[TASK TO COMPLETE]
Return the line that has "nēsājat savā sirdī." and all lines below it through the last, exactly as they stand; omit pictures.

[EXERCISE DATA]
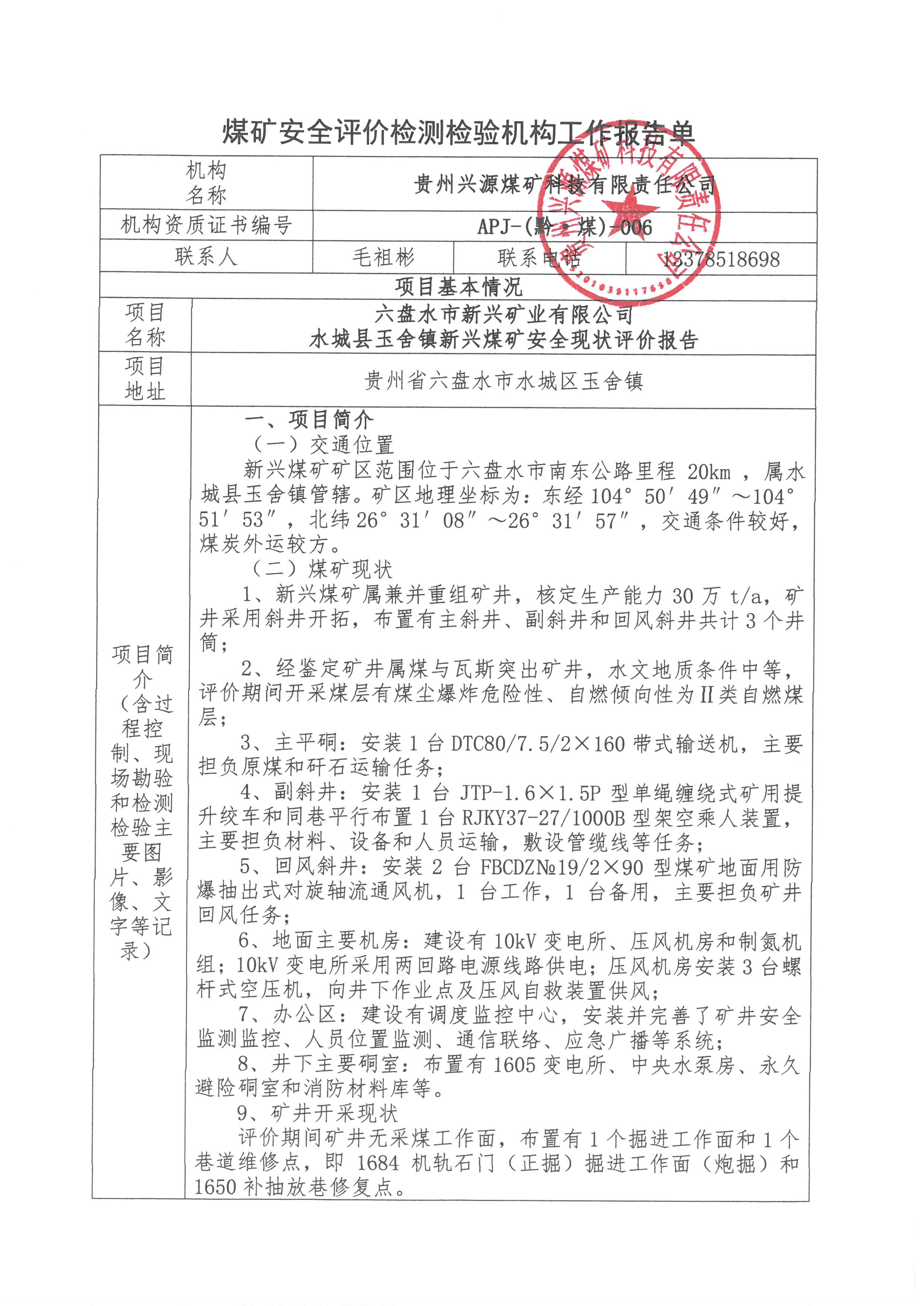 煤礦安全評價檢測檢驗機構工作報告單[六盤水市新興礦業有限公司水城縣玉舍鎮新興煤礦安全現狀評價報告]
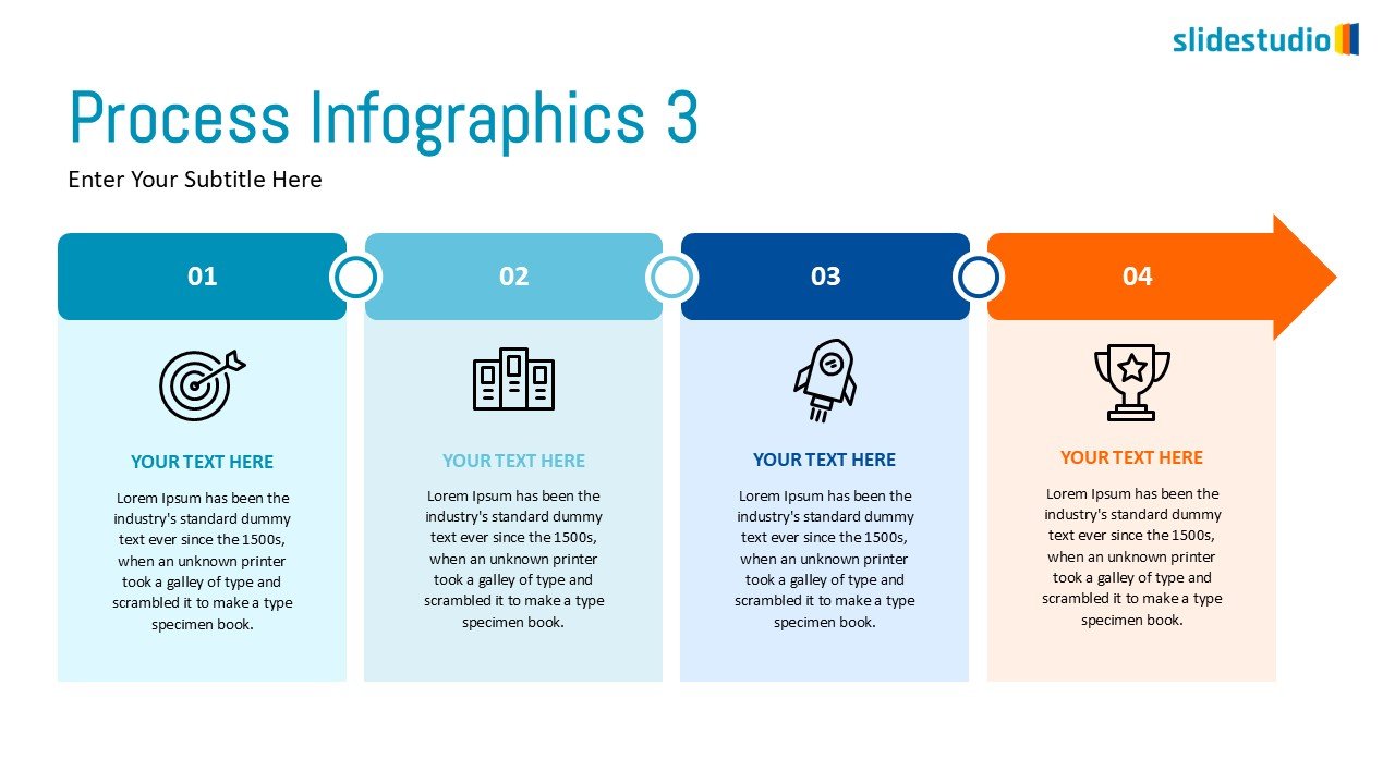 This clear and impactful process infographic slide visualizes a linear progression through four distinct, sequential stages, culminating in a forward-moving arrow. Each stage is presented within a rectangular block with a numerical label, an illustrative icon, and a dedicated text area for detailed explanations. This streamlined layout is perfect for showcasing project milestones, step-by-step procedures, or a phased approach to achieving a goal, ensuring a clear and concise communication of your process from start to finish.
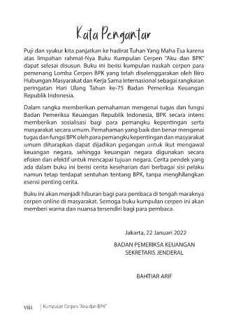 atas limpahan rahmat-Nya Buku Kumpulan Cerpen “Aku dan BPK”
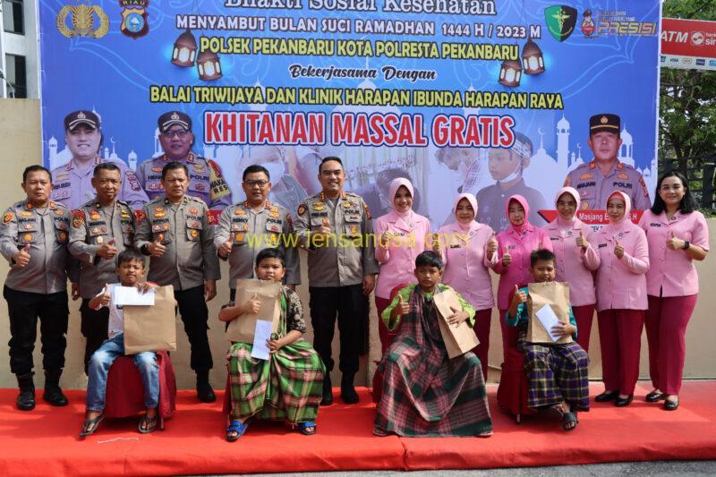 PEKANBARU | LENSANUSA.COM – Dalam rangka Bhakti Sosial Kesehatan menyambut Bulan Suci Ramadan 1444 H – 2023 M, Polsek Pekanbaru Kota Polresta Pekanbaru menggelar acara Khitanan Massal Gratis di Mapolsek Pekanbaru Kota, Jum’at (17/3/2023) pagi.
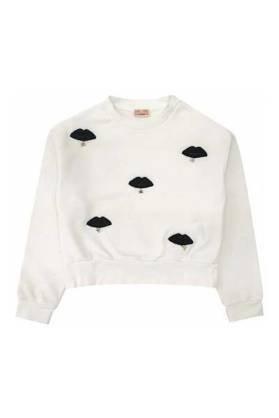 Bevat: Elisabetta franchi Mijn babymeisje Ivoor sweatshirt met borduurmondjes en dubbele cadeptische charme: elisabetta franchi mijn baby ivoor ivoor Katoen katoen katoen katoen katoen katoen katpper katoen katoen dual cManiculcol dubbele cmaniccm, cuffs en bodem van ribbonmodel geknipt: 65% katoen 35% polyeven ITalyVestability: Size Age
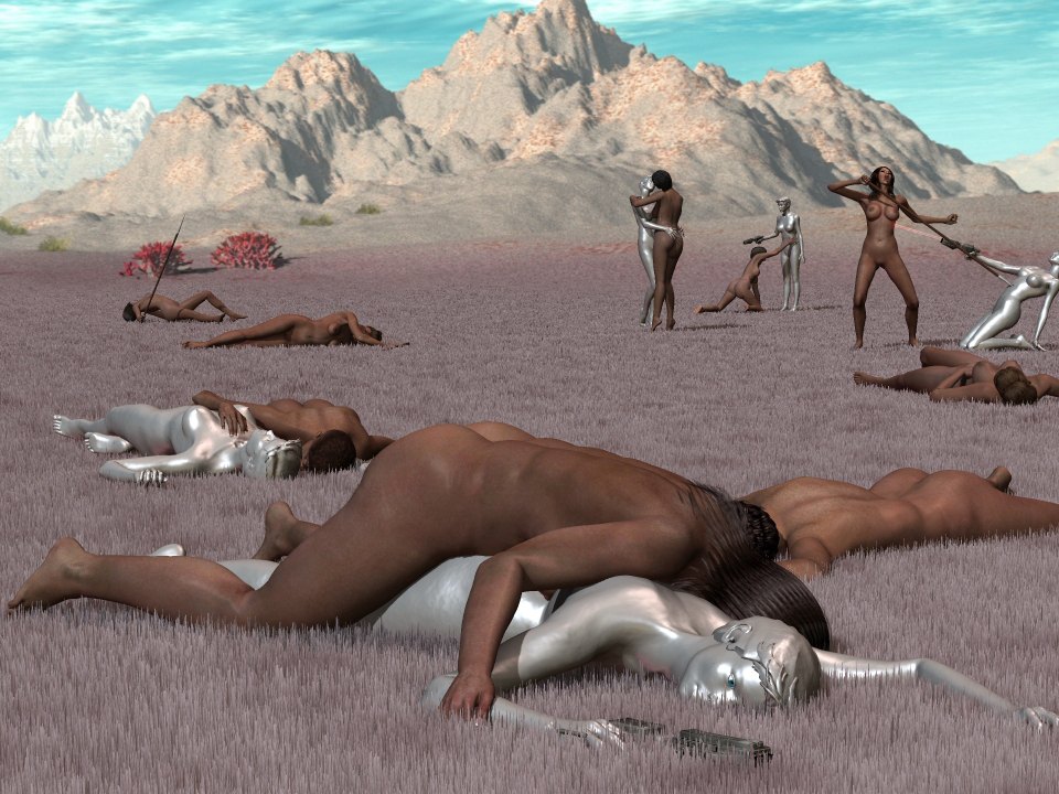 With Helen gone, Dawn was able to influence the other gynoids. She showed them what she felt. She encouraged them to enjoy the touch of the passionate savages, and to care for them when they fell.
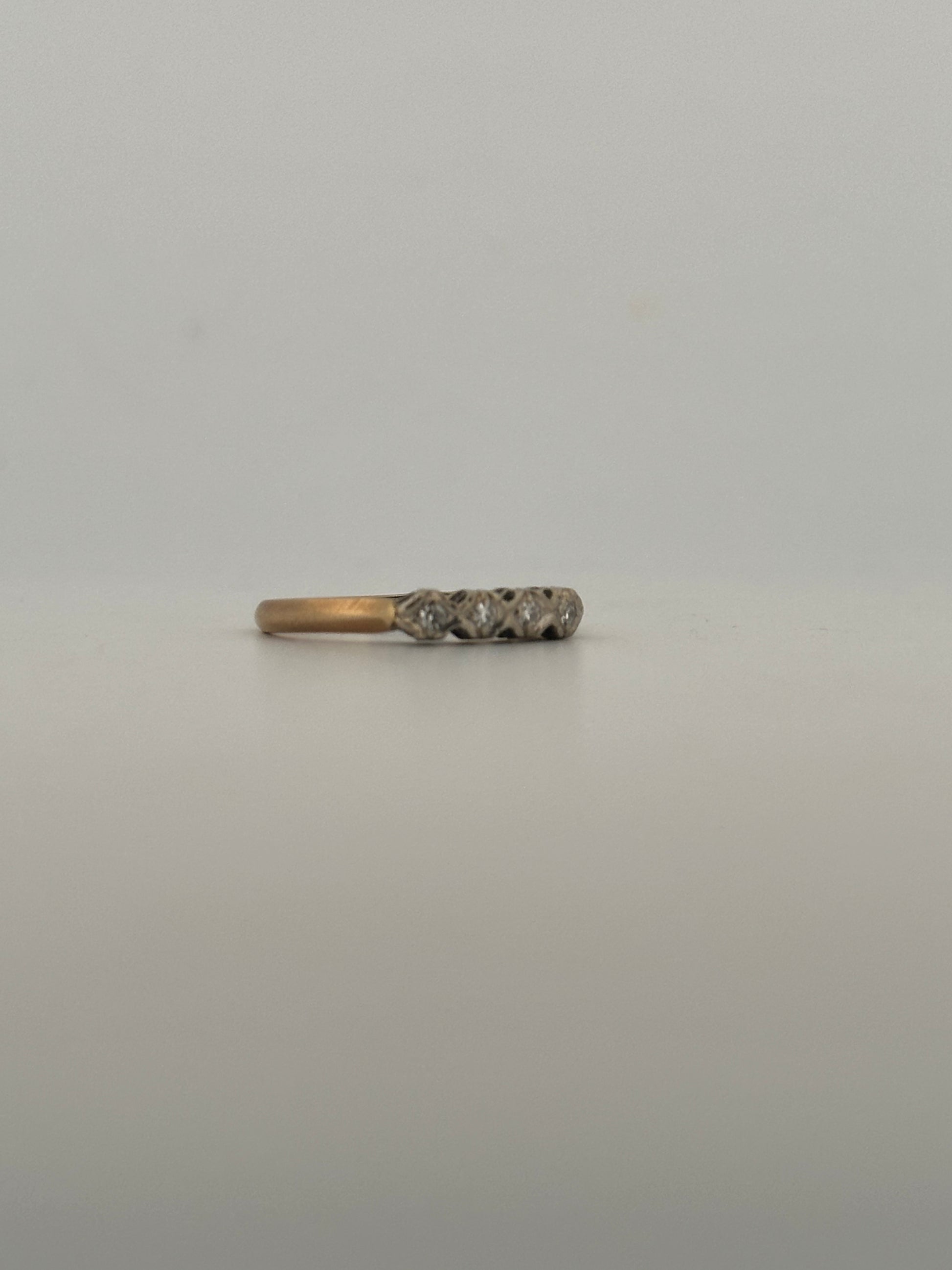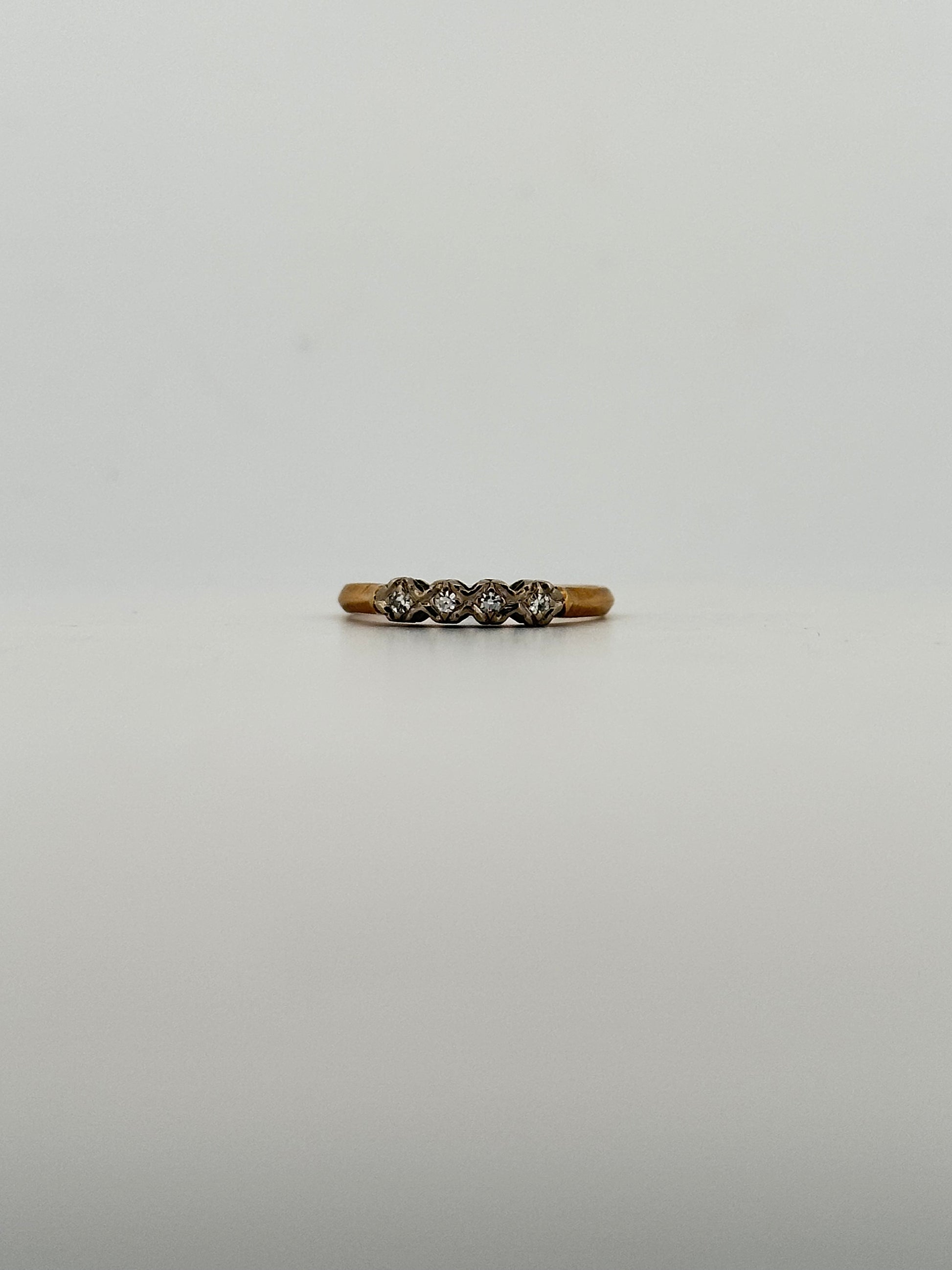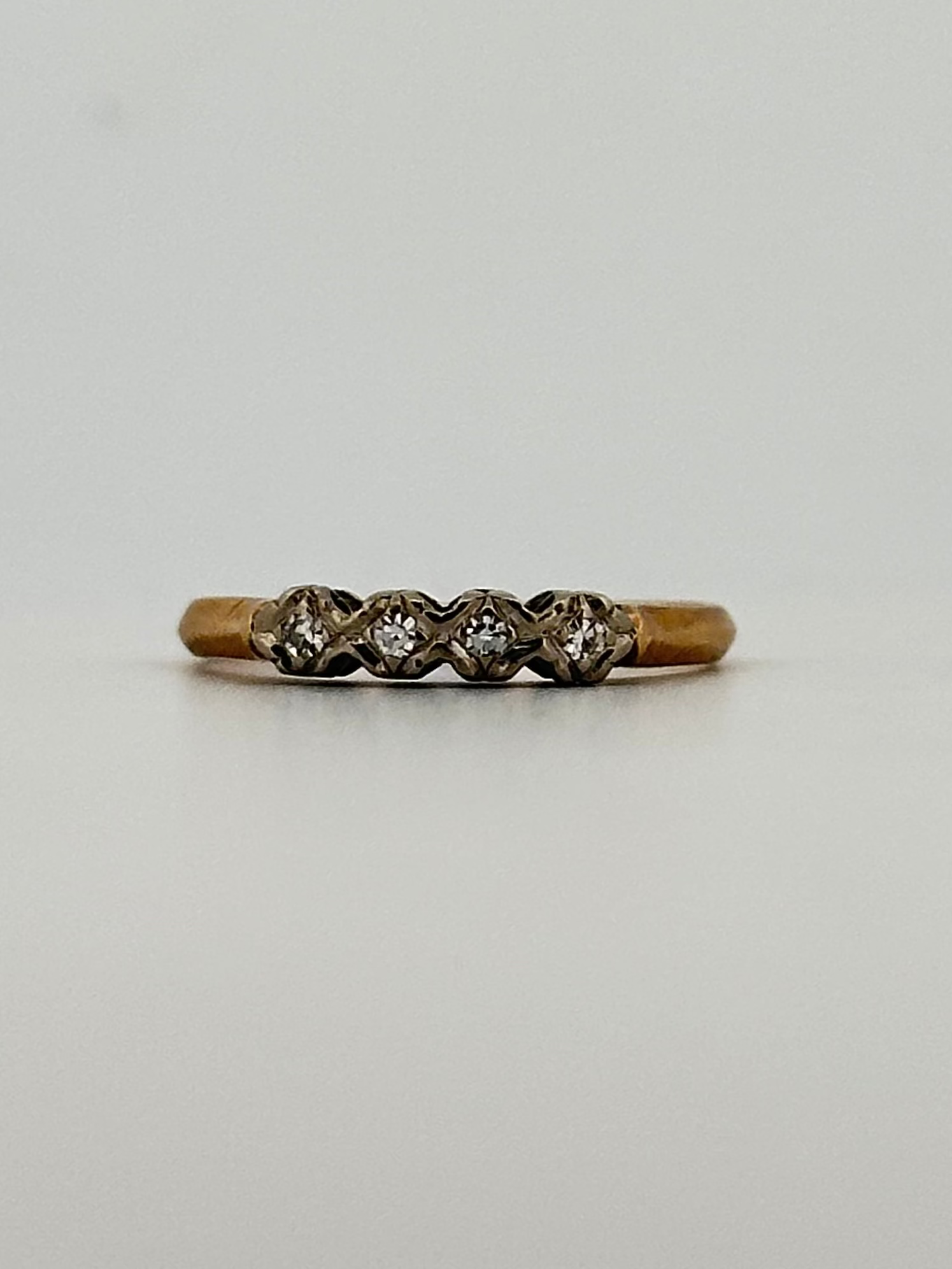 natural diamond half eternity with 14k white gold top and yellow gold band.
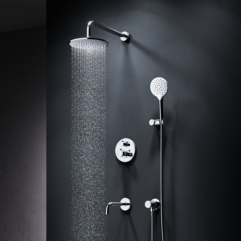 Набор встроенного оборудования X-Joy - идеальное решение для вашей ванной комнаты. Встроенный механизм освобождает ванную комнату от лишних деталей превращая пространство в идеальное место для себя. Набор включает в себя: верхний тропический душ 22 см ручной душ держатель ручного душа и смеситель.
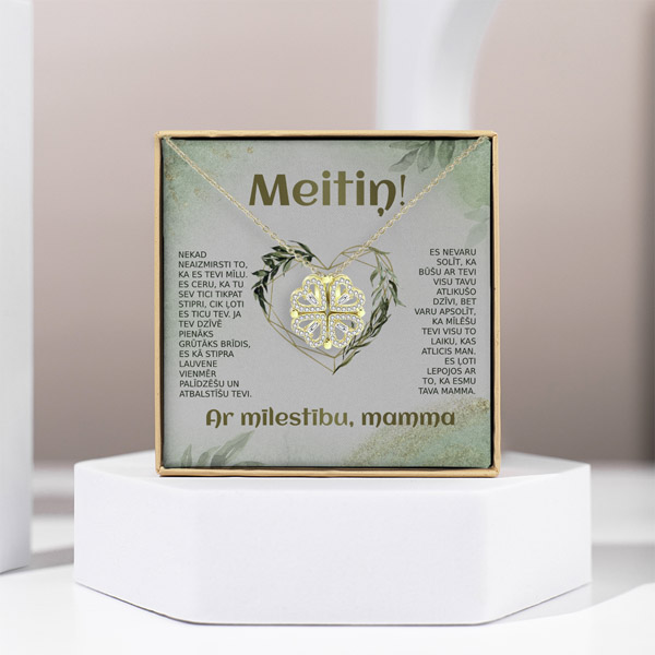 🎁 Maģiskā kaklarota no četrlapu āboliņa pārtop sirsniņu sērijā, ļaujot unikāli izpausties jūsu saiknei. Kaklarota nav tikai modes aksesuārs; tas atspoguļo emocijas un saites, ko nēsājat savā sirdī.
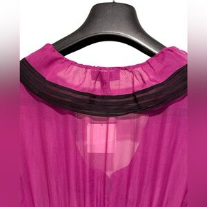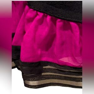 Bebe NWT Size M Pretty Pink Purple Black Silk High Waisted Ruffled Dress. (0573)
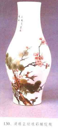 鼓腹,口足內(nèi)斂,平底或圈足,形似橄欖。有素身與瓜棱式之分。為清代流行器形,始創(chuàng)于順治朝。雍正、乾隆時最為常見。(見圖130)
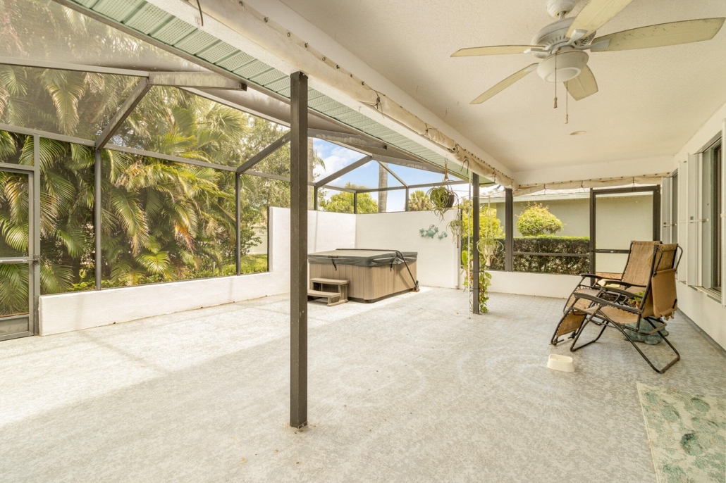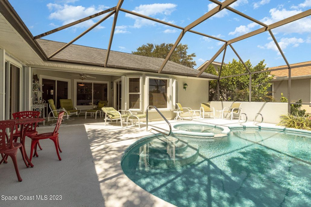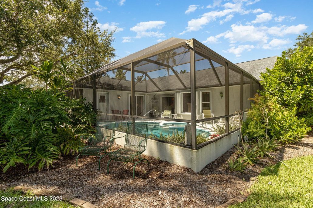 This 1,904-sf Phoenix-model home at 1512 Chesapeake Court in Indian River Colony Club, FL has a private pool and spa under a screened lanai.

[OUTPUT FOR THIS EXERCISE]
 🎁 Maģiskā kaklarota no četrlapu āboliņa pārtop sirsniņu sērijā, ļaujot unikāli izpausties jūsu saiknei. Kaklarota nav tikai modes aksesuārs; tas atspoguļo emocijas un saites, ko nēsājat savā sirdī.
 Bebe NWT Size M Pretty Pink Purple Black Silk High Waisted Ruffled Dress. (0573)
 鼓腹,口足內(nèi)斂,平底或圈足,形似橄欖。有素身與瓜棱式之分。為清代流行器形,始創(chuàng)于順治朝。雍正、乾隆時最為常見。(見圖130)
 This 1,904-sf Phoenix-model home at 1512 Chesapeake Court in Indian River Colony Club, FL has a private pool and spa under a screened lanai.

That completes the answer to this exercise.